WORK ITEM: Where a line of the listing below includes the word "door", reproduce that line.

THE DATA:
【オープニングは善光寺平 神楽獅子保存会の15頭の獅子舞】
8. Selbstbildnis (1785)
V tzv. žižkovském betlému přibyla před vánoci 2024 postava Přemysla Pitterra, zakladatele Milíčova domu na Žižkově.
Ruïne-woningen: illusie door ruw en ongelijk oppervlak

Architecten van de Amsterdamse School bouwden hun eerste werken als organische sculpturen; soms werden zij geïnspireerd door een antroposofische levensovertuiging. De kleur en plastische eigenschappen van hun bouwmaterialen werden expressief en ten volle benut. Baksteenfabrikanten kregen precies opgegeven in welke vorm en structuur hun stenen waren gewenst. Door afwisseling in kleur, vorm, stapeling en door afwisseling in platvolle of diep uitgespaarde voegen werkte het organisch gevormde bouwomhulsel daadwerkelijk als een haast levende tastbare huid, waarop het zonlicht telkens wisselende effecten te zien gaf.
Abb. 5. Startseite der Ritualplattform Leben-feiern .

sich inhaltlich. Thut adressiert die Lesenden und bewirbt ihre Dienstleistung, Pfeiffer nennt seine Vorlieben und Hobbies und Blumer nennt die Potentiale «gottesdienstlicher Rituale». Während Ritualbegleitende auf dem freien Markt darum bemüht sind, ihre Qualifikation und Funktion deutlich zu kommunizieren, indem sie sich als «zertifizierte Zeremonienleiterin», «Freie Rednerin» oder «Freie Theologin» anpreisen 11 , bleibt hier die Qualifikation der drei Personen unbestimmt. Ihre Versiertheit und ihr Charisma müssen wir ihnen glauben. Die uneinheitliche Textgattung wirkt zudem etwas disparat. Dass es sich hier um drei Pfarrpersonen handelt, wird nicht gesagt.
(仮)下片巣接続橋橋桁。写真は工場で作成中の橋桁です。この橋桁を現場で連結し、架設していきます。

* * *

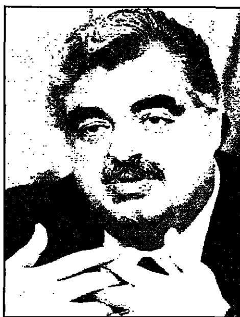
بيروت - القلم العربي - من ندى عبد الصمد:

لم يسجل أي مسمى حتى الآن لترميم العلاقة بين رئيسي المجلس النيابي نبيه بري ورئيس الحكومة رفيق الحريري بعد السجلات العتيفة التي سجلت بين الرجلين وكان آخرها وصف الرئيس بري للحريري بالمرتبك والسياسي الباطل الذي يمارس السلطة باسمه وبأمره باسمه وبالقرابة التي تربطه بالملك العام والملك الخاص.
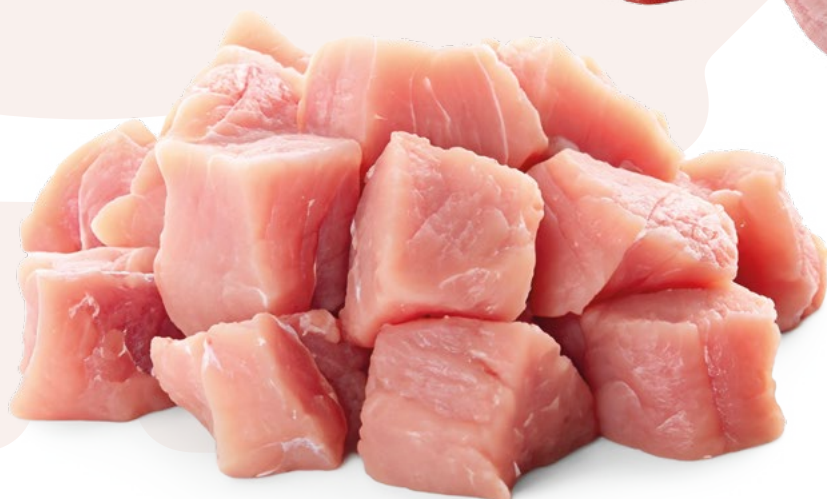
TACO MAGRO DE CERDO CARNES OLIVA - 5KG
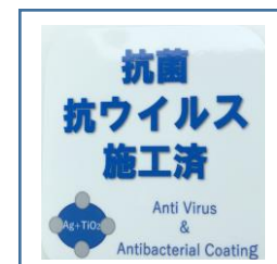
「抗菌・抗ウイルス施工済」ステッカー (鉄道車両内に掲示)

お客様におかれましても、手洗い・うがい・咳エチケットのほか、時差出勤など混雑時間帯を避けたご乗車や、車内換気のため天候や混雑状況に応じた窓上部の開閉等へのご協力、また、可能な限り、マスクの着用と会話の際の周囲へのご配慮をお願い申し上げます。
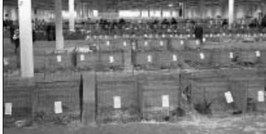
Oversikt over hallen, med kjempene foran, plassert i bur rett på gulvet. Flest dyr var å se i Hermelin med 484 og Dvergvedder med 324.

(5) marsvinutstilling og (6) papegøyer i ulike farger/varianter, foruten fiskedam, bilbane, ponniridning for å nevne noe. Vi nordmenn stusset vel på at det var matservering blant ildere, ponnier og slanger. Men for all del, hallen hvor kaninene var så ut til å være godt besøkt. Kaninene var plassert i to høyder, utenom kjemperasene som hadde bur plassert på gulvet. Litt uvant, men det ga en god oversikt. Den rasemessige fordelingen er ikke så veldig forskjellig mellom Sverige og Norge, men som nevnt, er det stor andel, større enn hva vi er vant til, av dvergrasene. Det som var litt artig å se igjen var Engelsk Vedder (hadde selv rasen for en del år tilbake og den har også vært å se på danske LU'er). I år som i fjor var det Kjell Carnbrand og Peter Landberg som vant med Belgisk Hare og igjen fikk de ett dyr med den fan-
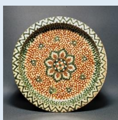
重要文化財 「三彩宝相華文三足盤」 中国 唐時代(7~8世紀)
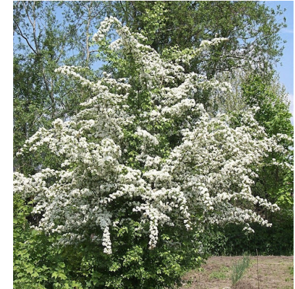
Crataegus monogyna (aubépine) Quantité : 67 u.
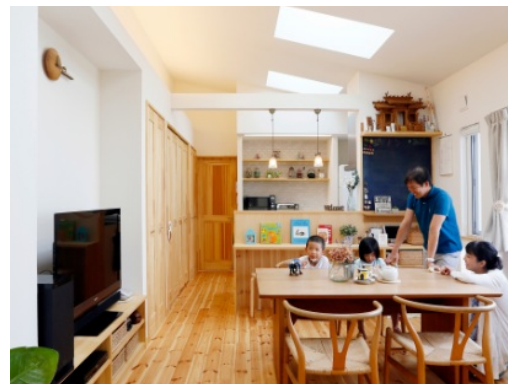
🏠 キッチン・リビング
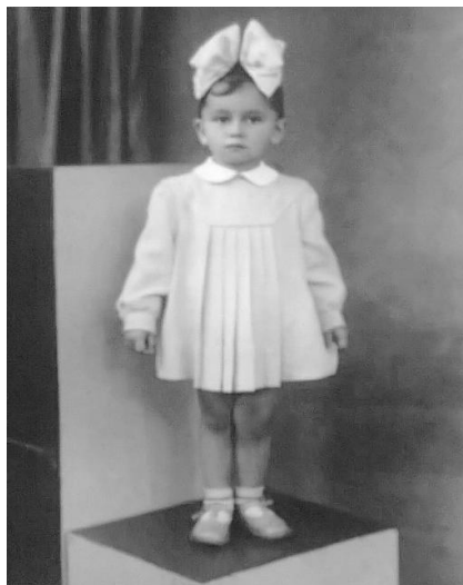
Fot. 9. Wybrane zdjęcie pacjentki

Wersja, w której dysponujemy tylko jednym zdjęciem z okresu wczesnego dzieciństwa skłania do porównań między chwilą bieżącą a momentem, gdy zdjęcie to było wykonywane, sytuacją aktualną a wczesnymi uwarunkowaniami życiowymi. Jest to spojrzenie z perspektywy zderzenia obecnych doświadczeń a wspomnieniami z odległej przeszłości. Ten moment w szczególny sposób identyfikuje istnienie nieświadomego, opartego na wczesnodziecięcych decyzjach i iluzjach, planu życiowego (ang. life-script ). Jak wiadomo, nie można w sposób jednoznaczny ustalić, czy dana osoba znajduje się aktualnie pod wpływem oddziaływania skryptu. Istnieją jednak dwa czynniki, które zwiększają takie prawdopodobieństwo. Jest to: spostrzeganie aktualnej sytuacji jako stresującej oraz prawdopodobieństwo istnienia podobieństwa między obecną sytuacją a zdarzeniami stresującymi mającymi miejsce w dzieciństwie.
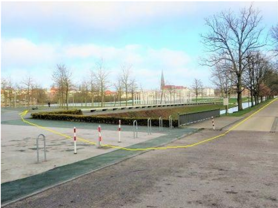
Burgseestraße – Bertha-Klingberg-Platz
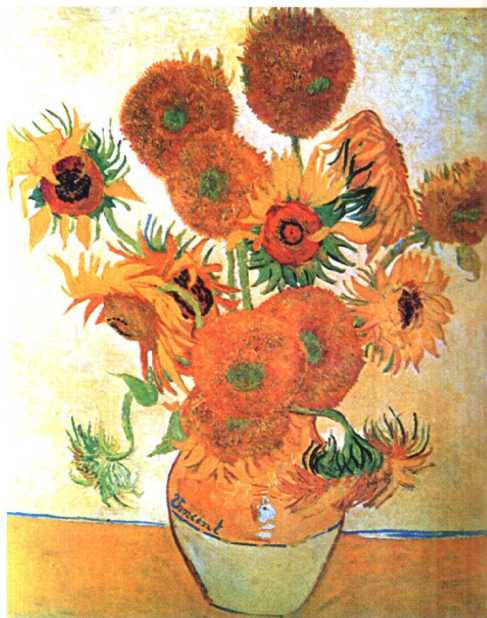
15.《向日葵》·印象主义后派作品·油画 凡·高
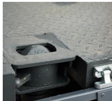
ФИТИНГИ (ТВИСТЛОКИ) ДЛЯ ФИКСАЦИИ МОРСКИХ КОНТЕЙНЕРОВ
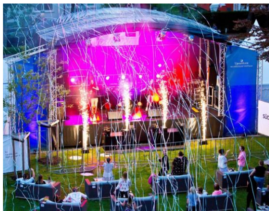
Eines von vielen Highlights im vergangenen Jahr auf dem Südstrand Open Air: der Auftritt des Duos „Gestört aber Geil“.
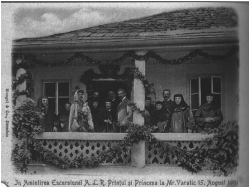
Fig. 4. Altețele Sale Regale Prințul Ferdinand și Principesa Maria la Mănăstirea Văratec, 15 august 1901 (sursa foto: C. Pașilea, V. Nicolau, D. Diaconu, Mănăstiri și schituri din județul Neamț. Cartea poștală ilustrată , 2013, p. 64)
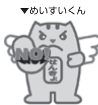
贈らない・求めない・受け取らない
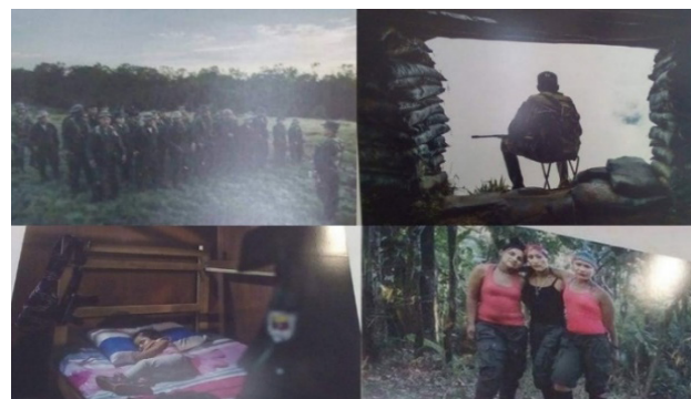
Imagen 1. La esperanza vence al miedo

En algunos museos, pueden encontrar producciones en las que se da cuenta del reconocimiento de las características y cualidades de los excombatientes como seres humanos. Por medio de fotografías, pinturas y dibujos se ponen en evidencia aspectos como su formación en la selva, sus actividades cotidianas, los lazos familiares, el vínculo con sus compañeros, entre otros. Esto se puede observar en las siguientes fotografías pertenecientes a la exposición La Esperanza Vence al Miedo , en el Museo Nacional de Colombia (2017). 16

==

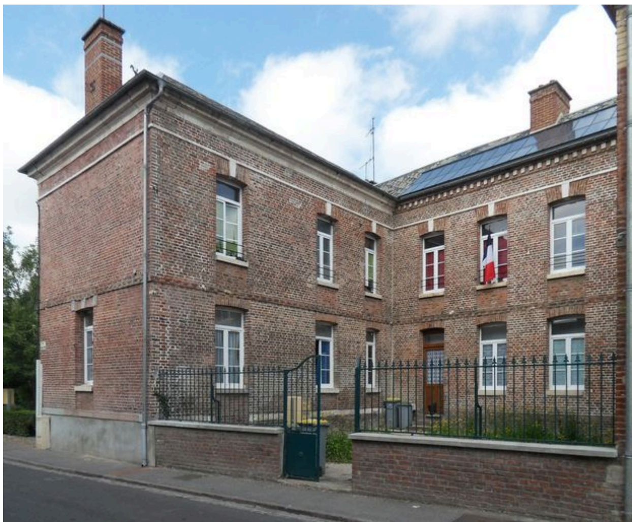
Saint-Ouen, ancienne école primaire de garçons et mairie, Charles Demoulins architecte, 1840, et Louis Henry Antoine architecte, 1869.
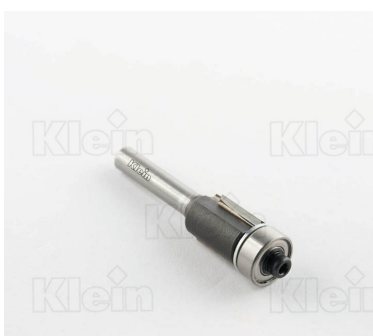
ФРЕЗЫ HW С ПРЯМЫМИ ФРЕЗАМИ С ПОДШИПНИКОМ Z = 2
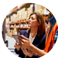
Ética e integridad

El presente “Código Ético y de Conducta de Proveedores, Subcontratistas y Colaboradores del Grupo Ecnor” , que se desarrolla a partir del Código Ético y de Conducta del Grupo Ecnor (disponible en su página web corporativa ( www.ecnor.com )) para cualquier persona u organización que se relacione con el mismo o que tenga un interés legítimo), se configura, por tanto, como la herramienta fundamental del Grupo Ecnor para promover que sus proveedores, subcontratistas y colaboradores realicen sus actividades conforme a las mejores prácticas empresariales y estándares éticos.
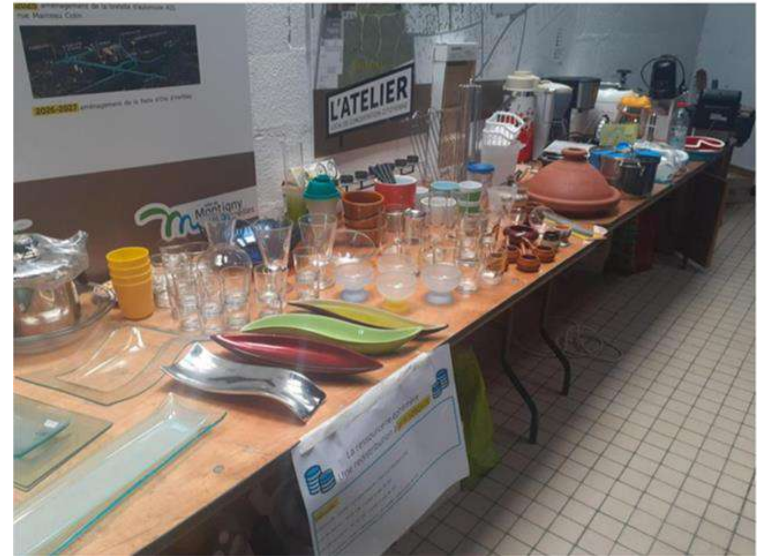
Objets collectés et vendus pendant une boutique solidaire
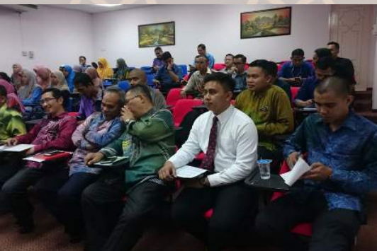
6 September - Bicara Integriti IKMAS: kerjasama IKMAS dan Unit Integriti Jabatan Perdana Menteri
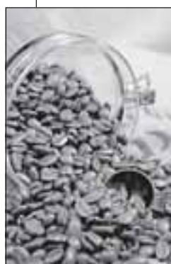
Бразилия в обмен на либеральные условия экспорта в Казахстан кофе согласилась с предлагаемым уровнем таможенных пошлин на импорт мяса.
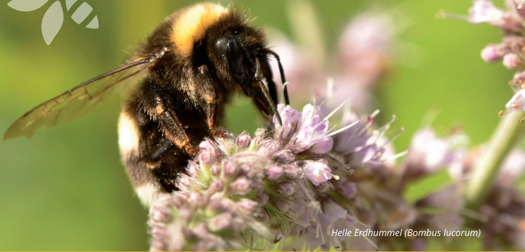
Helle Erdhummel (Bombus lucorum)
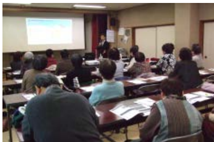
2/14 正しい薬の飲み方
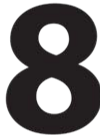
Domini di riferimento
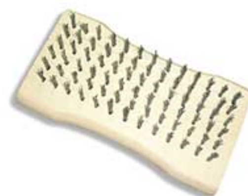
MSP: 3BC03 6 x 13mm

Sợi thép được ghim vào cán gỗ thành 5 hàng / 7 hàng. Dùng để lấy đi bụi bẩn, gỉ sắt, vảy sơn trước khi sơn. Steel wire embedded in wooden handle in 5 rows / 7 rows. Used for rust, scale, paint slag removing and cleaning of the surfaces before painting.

RESULT BELOW:
Ruïne-woningen: illusie door ruw en ongelijk oppervlak
Architecten van de Amsterdamse School bouwden hun eerste werken als organische sculpturen; soms werden zij geïnspireerd door een antroposofische levensovertuiging. De kleur en plastische eigenschappen van hun bouwmaterialen werden expressief en ten volle benut. Baksteenfabrikanten kregen precies opgegeven in welke vorm en structuur hun stenen waren gewenst. Door afwisseling in kleur, vorm, stapeling en door afwisseling in platvolle of diep uitgespaarde voegen werkte het organisch gevormde bouwomhulsel daadwerkelijk als een haast levende tastbare huid, waarop het zonlicht telkens wisselende effecten te zien gaf.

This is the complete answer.